Check each line of the listing for the string "building". Copy those where it appears.

--------------------

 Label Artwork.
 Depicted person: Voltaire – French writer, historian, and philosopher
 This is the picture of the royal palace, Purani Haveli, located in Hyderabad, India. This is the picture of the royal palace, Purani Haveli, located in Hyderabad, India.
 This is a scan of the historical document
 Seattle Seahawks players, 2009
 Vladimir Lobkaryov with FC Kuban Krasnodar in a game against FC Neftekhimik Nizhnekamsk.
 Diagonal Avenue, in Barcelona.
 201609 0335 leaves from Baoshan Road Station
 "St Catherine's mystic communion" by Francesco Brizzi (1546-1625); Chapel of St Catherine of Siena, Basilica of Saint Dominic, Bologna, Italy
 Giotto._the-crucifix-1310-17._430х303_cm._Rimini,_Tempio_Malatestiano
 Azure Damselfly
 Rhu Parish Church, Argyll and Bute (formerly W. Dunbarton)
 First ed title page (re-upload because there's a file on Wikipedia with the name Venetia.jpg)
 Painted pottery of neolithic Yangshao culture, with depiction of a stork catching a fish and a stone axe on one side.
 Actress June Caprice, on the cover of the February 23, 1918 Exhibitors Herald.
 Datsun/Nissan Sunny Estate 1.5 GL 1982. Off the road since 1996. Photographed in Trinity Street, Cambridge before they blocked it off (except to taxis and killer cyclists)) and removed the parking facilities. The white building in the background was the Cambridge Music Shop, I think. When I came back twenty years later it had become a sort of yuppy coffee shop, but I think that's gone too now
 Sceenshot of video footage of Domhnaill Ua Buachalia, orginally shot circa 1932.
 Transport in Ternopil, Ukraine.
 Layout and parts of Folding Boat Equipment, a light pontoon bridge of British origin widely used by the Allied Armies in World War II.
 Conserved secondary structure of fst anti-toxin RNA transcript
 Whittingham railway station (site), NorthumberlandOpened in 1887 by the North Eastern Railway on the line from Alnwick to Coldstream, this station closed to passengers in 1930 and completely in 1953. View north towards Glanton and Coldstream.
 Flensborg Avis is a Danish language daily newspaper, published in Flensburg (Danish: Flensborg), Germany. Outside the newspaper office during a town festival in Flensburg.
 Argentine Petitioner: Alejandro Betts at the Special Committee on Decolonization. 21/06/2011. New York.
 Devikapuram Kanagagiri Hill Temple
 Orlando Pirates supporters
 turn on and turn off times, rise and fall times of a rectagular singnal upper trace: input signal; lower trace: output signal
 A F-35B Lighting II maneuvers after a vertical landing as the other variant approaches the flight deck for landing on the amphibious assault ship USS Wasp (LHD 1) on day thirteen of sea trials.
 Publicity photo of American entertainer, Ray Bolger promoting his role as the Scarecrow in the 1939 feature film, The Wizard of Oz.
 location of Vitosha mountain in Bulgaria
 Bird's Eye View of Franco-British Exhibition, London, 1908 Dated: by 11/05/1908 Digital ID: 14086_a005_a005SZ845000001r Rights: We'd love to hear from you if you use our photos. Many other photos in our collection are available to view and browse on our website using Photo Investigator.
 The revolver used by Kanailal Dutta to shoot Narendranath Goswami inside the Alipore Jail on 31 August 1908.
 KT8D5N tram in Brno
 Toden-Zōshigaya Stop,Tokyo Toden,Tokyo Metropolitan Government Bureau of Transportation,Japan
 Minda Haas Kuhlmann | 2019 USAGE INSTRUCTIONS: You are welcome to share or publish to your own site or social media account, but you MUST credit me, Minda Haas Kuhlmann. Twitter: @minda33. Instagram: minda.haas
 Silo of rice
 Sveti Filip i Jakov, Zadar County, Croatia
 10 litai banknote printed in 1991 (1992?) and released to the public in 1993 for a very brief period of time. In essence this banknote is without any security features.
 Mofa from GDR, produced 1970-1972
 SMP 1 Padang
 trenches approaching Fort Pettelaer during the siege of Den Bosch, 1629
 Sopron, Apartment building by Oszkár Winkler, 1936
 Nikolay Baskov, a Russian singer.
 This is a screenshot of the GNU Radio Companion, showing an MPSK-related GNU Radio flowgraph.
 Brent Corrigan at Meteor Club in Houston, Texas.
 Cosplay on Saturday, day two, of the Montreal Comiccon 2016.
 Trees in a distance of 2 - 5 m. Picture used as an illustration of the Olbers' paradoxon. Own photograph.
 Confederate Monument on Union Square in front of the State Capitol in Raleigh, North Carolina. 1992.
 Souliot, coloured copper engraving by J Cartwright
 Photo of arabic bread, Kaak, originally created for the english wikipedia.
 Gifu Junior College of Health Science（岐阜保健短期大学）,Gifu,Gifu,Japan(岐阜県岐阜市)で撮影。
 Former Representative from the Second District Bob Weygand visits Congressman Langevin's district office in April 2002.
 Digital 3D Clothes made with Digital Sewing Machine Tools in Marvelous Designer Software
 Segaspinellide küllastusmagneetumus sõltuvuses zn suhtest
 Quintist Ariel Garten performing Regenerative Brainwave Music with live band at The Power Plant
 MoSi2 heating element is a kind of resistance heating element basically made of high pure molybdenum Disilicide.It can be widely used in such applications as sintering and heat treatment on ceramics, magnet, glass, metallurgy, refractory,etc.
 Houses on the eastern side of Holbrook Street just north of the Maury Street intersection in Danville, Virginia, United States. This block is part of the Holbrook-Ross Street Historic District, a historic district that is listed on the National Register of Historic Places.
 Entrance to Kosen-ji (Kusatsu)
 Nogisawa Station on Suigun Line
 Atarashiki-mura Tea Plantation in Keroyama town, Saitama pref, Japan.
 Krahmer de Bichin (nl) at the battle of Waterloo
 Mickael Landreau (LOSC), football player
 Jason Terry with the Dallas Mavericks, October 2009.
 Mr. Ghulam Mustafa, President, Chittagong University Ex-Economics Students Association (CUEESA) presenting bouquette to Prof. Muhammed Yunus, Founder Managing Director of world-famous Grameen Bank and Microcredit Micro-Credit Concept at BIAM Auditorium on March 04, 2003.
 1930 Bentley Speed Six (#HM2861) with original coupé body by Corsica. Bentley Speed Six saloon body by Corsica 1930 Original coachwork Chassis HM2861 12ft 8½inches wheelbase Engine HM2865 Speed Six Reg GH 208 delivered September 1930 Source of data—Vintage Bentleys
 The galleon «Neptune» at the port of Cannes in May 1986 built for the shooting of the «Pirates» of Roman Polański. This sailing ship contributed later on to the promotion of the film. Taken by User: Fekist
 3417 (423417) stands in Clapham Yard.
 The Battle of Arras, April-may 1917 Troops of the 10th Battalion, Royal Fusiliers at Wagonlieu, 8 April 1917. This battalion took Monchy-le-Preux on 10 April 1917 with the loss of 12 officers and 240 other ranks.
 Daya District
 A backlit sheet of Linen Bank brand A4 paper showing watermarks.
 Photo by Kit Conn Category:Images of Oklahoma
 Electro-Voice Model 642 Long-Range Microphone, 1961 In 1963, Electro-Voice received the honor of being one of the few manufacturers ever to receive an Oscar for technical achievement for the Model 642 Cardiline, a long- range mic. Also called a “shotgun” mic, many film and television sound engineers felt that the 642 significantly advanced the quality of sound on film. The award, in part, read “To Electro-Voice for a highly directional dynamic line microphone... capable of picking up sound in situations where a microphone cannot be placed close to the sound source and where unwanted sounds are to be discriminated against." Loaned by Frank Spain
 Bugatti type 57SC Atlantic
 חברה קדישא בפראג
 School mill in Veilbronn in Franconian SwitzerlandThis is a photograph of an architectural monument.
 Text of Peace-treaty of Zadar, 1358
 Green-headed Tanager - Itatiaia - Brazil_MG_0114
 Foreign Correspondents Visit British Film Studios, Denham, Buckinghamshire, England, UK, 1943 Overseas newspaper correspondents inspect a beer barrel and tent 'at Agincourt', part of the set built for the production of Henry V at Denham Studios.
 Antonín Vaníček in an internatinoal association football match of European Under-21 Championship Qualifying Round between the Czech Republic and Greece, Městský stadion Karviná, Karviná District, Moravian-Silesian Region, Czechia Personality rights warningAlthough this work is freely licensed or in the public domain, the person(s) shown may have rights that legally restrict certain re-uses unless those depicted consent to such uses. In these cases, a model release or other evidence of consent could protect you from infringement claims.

--------------------

§ Solved exercise
 Datsun/Nissan Sunny Estate 1.5 GL 1982. Off the road since 1996. Photographed in Trinity Street, Cambridge before they blocked it off (except to taxis and killer cyclists)) and removed the parking facilities. The white building in the background was the Cambridge Music Shop, I think. When I came back twenty years later it had become a sort of yuppy coffee shop, but I think that's gone too now
 Sopron, Apartment building by Oszkár Winkler, 1936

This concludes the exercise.